HOW TO COMPLETE THIS TASK = Reproduce each entry exactly as it reads. Leave the images out.

MATERIAL FOR THE TASK =
···
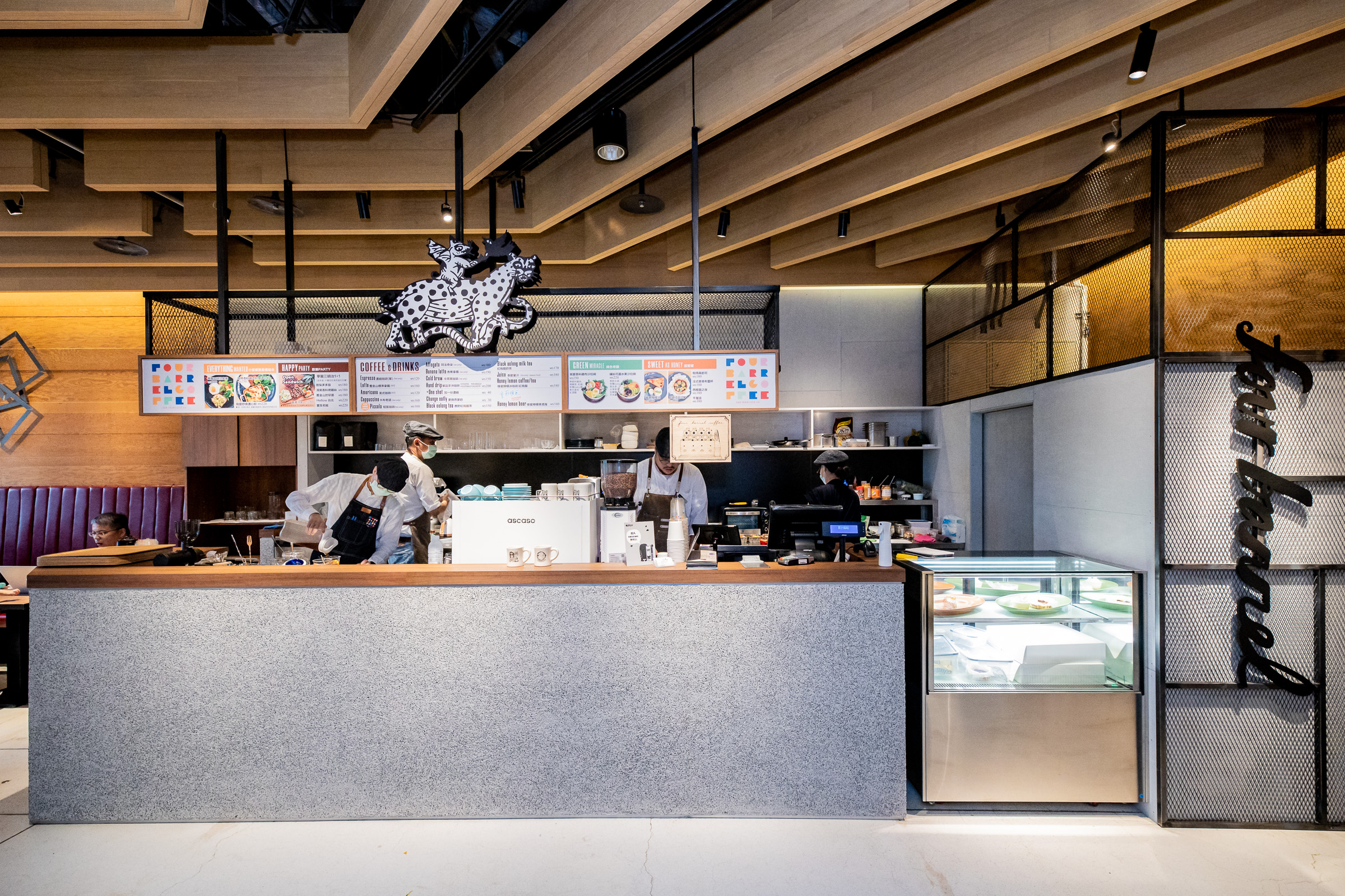 美國舊金山咖啡四大天王之一的四桶咖啡海外首店於二樓開幕,完整移植舊金山本店的雅痞藝術風格。推薦飲品:蜂蜜檸檬冰咖啡、短笛咖啡。
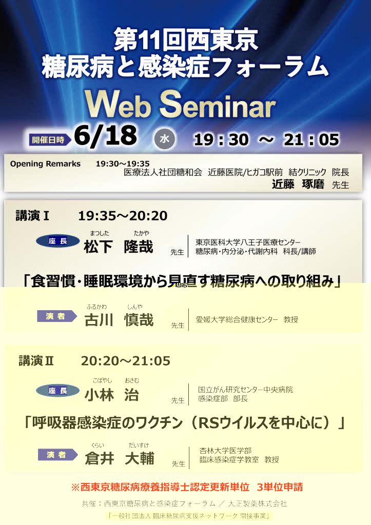 - 【オンライン】第11回西東京糖尿病と感染症フォーラム
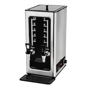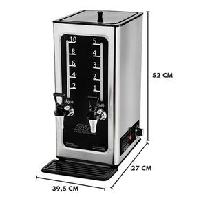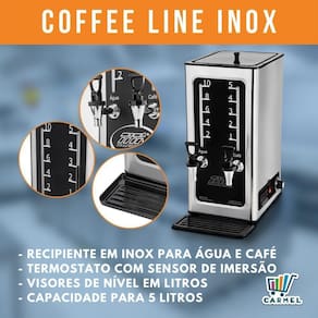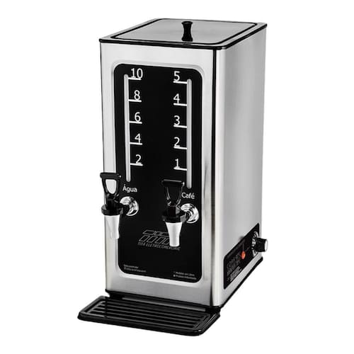 Cafeteira Coffee Line 5 Litros em Inox - TitãA única no mercado que mantém o delicioso e verdadeiro sabor do café coado. Com capacidade para até 5l de café. Mantendo a tradicionalidade, a coffee line traz um design compacto e a eficiência para produzir um café que atende aos paladares mais exigentes. Produto indicado para preparar cafés e chás.Produto livre de estanho:Não são utilizadas ligas de estanho em nossas soldas.Isolamento de temperatura:Além de prevenir queimaduras, o isolamento mantém a temperatura mais uniforme, proporcionando economia de energia.Visores de nível embutidos com escala:Além de proporcionar uma melhor higiene, tem como função um uso mais intuitivo da cafeteira.Torneiras higiênicas:Maior simplicidade de limpeza.Design em formato similar a uma embalagem de café à vácuo:Permite uma grande área para o marketing (personalização da marca).Facilidade de auxílio técnico:Conta com resistência, termostato e coador, todos de linha de mercado, com menor custo de manutenção, que se traduz em economia.Produto certificado:Conforme as normas internacionais, garantindo maior segurança, higiene e exportabilidade do nosso conceito de café.Informações do produto Estrutura fabricada toda em aço inox escovado; tampa superior e pingadeira em alumínio com pintura eletrostática; bojo em aço inox; resistência elétrica em aço inox 304 tubular; termostato capilar com sensor de imersão; fiação elétrica com revestimento em silicone resistente à 300C.Especificações técnicas:Marca: TitãModelo: cafeteira 5 LitrosMaterial: InoxQuantidade de reservatórios: 2 (1 para água e 1 para café)Temperatura máxima: 90 CTemperatura para manter o café aquecido: 70 CTensão: 127v ou 220v (Não é bivolt)Potência: 1300wFrequência: 50-60HzDimensões do Produto:Altura: 52 cmLargura (frente): 27 cmComprimento (lateral): 39,5 cm
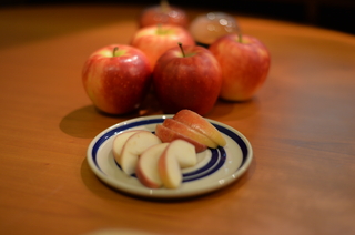 くし形切りで皮をむいたり、ウサちゃんにしたりしません。
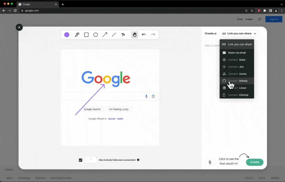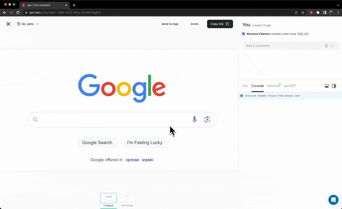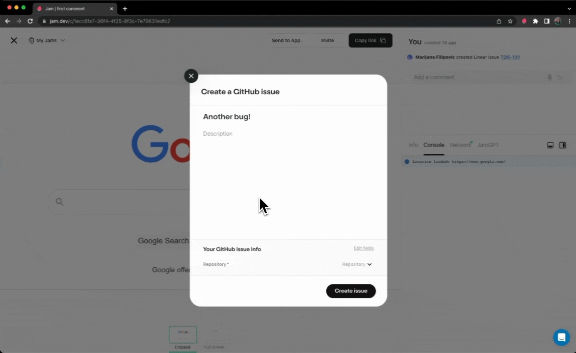 You can connect GitHub and Jam in order to instantly create GitHub issues right from Jam's browser extension. Every GitHub issue you create with Jam automatically includes:
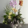 The centerpiece features multiple Phalaenopsis orchids in soft pink, warm peach, and buttery yellow tones, each bloom delicately layered with subtle gradients and intricate centers. Their tall, graceful stems add height and movement, creating a striking vertical element.
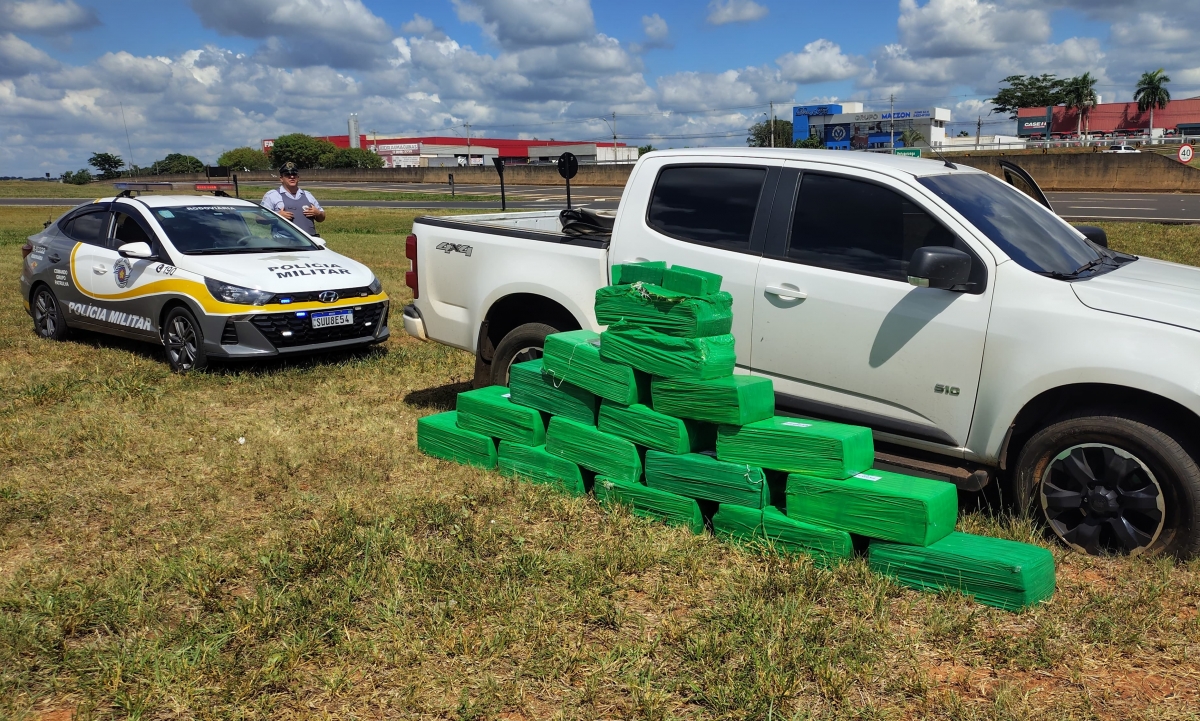 Na vistoria veicular, os policiais rodoviários localizaram grande quantidade de maconha acondicionada em 16 fardos na caçamba da caminhonete, totalizando 402,5 kg. O criminoso possui antecedente criminal por Tráfico de Drogas.
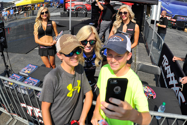 Traxxas-sponsored Funny Car racer Courtney Force joined some young fans for a selfie at the Traxxas radio-control demonstration track in the pits.
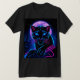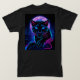 Uma renderização digital de um Pantera Negra Cibernético cercado por luzes neon futuristas. A lua cor-de-rosa e o intrincado circuito transmitem uma mistura única de natureza, tecnologia e surrealismo em um estilo mesmerizador.
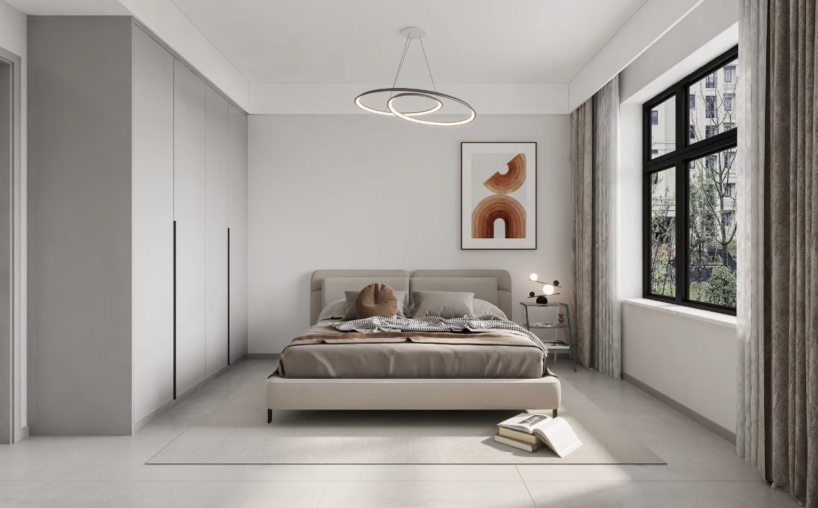 主卧没有采用过多复杂的装饰造型,简约吊灯营造出柔和的光感,以白色为主色调沉静优雅,为放松和睡眠提供更加舒适的氛围环境
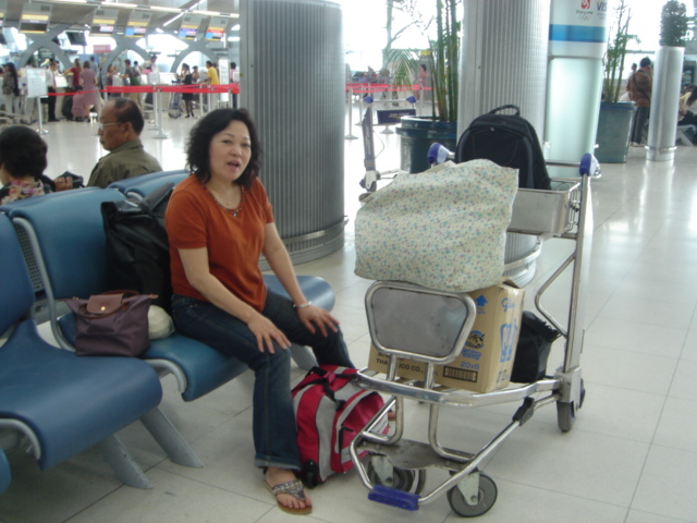 只有媽咪腳旁的紅色行李(爸媽的)以及媽咪後面那個黑色後背包(我及老爺的)
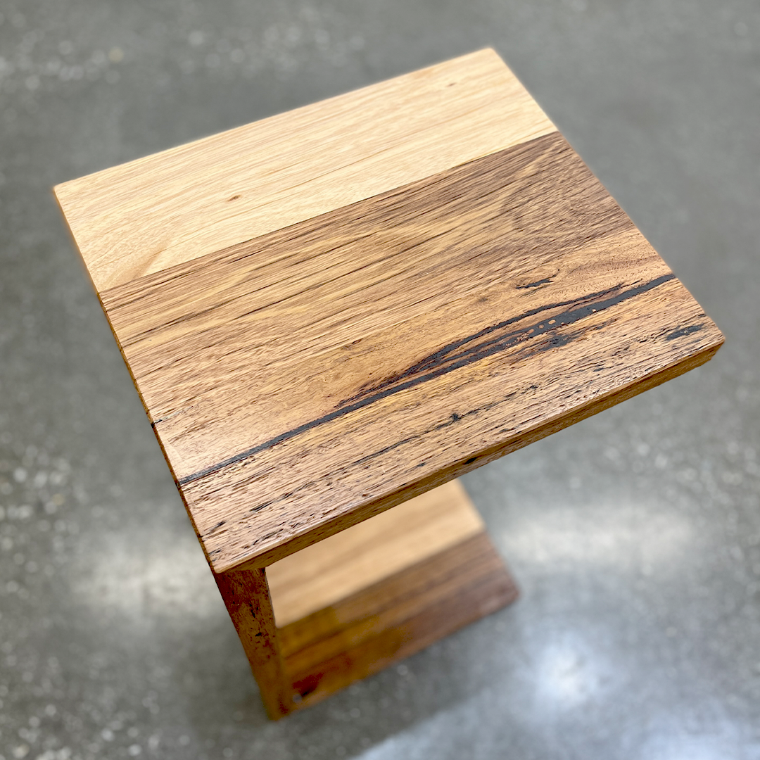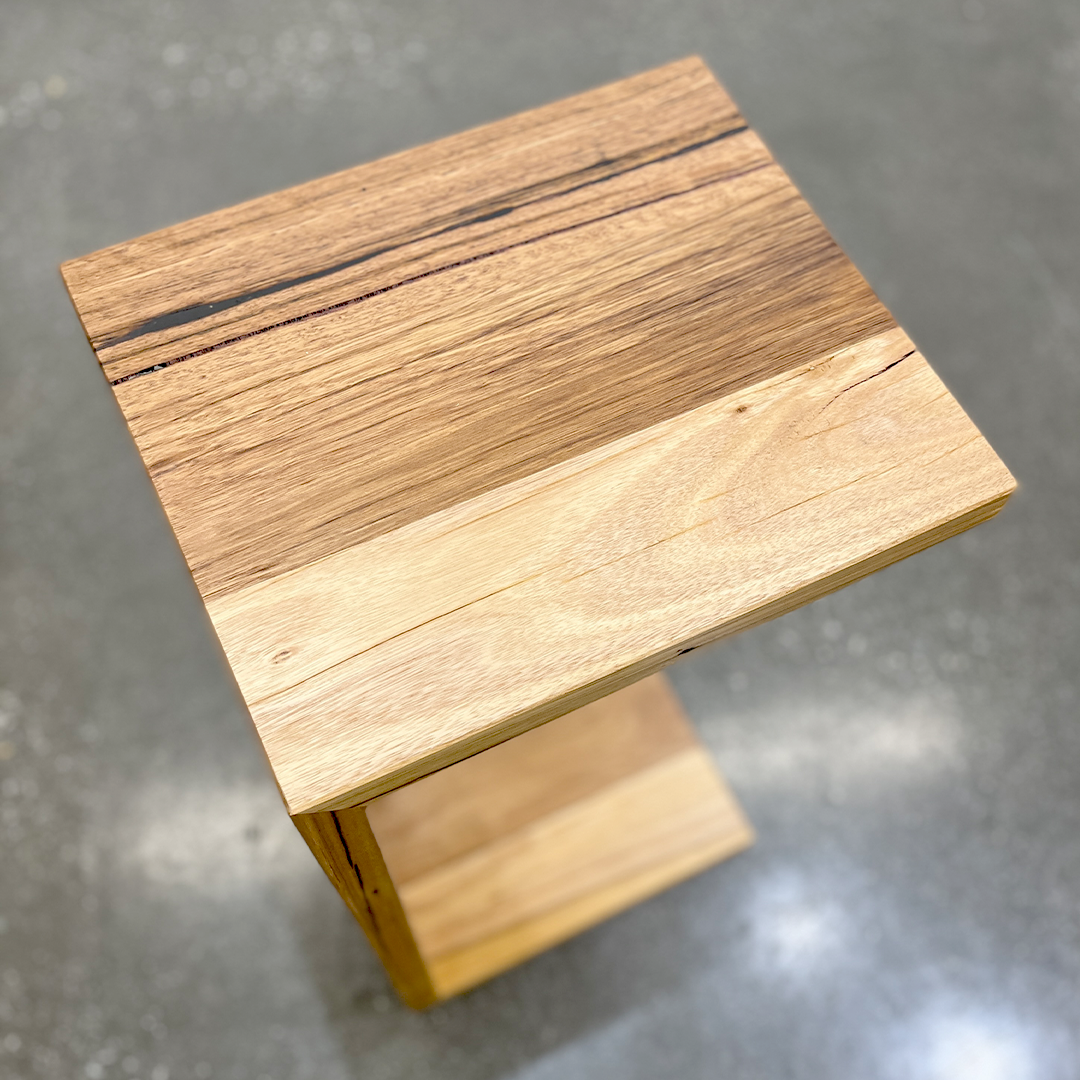 Handcrafted in Melbourne from reclaimed messmate, each piece carries the natural beauty of the original tree, showcasing unique grain patterns, knots, and markings that make every table one of a kind.
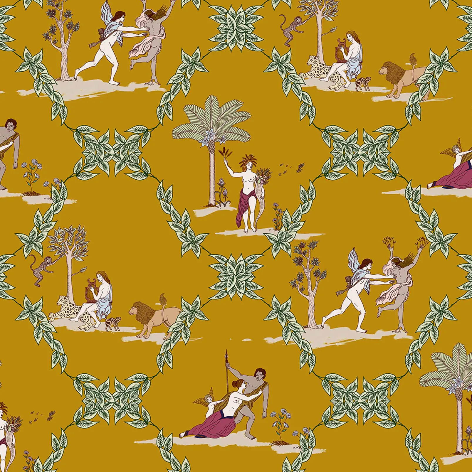 El papel pintado Neobucolic Mustard de Coordonné es un pueblo diseñado en tonos amarillo/naranja de la colección Metamorphosis.
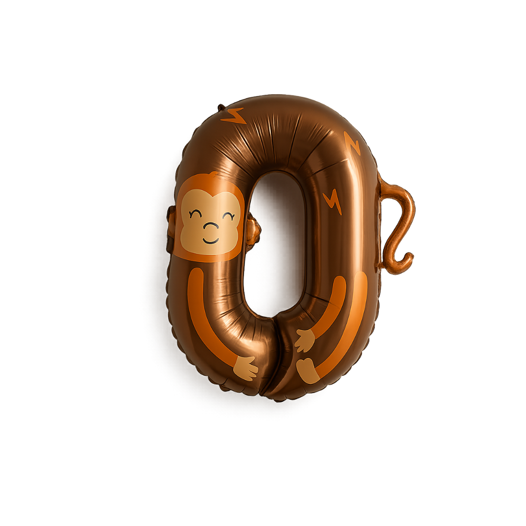 Bring the jungle fun to your party with this adorable 40-inch Number 0 Monkey Balloon – designed especially for kids’ birthdays and animal-themed celebrations. Featuring a smiling monkey face, arms, and a curly tail, it’s the perfect mix of cute and playful.
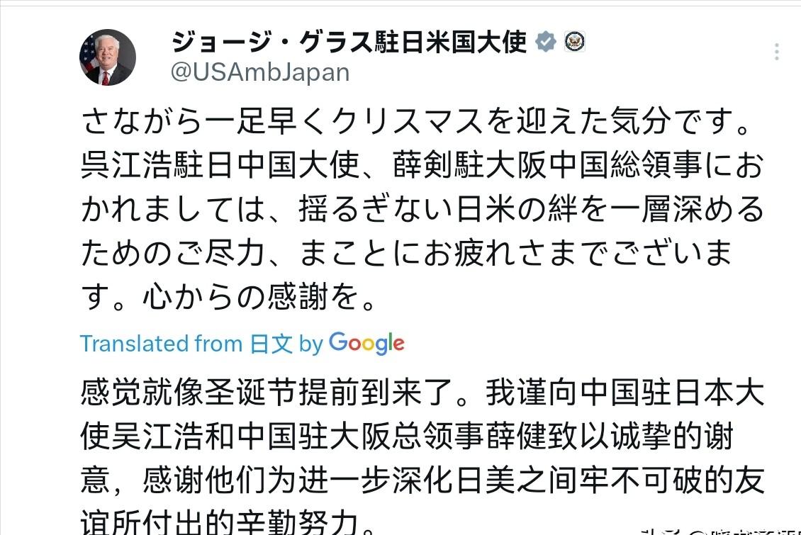 完全不惯着!美国驻日大使被怼的哑口无言!在美国驻日大使格拉斯表示,“感觉就像圣诞
···
ANSWER SECTION =
 美國舊金山咖啡四大天王之一的四桶咖啡海外首店於二樓開幕,完整移植舊金山本店的雅痞藝術風格。推薦飲品:蜂蜜檸檬冰咖啡、短笛咖啡。
 - 【オンライン】第11回西東京糖尿病と感染症フォーラム
 Cafeteira Coffee Line 5 Litros em Inox - TitãA única no mercado que mantém o delicioso e verdadeiro sabor do café coado. Com capacidade para até 5l de café. Mantendo a tradicionalidade, a coffee line traz um design compacto e a eficiência para produzir um café que atende aos paladares mais exigentes. Produto indicado para preparar cafés e chás.Produto livre de estanho:Não são utilizadas ligas de estanho em nossas soldas.Isolamento de temperatura:Além de prevenir queimaduras, o isolamento mantém a temperatura mais uniforme, proporcionando economia de energia.Visores de nível embutidos com escala:Além de proporcionar uma melhor higiene, tem como função um uso mais intuitivo da cafeteira.Torneiras higiênicas:Maior simplicidade de limpeza.Design em formato similar a uma embalagem de café à vácuo:Permite uma grande área para o marketing (personalização da marca).Facilidade de auxílio técnico:Conta com resistência, termostato e coador, todos de linha de mercado, com menor custo de manutenção, que se traduz em economia.Produto certificado:Conforme as normas internacionais, garantindo maior segurança, higiene e exportabilidade do nosso conceito de café.Informações do produto Estrutura fabricada toda em aço inox escovado; tampa superior e pingadeira em alumínio com pintura eletrostática; bojo em aço inox; resistência elétrica em aço inox 304 tubular; termostato capilar com sensor de imersão; fiação elétrica com revestimento em silicone resistente à 300C.Especificações técnicas:Marca: TitãModelo: cafeteira 5 LitrosMaterial: InoxQuantidade de reservatórios: 2 (1 para água e 1 para café)Temperatura máxima: 90 CTemperatura para manter o café aquecido: 70 CTensão: 127v ou 220v (Não é bivolt)Potência: 1300wFrequência: 50-60HzDimensões do Produto:Altura: 52 cmLargura (frente): 27 cmComprimento (lateral): 39,5 cm
 くし形切りで皮をむいたり、ウサちゃんにしたりしません。
 You can connect GitHub and Jam in order to instantly create GitHub issues right from Jam's browser extension. Every GitHub issue you create with Jam automatically includes:
 The centerpiece features multiple Phalaenopsis orchids in soft pink, warm peach, and buttery yellow tones, each bloom delicately layered with subtle gradients and intricate centers. Their tall, graceful stems add height and movement, creating a striking vertical element.
 Na vistoria veicular, os policiais rodoviários localizaram grande quantidade de maconha acondicionada em 16 fardos na caçamba da caminhonete, totalizando 402,5 kg. O criminoso possui antecedente criminal por Tráfico de Drogas.
 Traxxas-sponsored Funny Car racer Courtney Force joined some young fans for a selfie at the Traxxas radio-control demonstration track in the pits.
 Uma renderização digital de um Pantera Negra Cibernético cercado por luzes neon futuristas. A lua cor-de-rosa e o intrincado circuito transmitem uma mistura única de natureza, tecnologia e surrealismo em um estilo mesmerizador.
 主卧没有采用过多复杂的装饰造型,简约吊灯营造出柔和的光感,以白色为主色调沉静优雅,为放松和睡眠提供更加舒适的氛围环境
 只有媽咪腳旁的紅色行李(爸媽的)以及媽咪後面那個黑色後背包(我及老爺的)
 Handcrafted in Melbourne from reclaimed messmate, each piece carries the natural beauty of the original tree, showcasing unique grain patterns, knots, and markings that make every table one of a kind.
 El papel pintado Neobucolic Mustard de Coordonné es un pueblo diseñado en tonos amarillo/naranja de la colección Metamorphosis.
 Bring the jungle fun to your party with this adorable 40-inch Number 0 Monkey Balloon – designed especially for kids’ birthdays and animal-themed celebrations. Featuring a smiling monkey face, arms, and a curly tail, it’s the perfect mix of cute and playful.
 完全不惯着!美国驻日大使被怼的哑口无言!在美国驻日大使格拉斯表示,“感觉就像圣诞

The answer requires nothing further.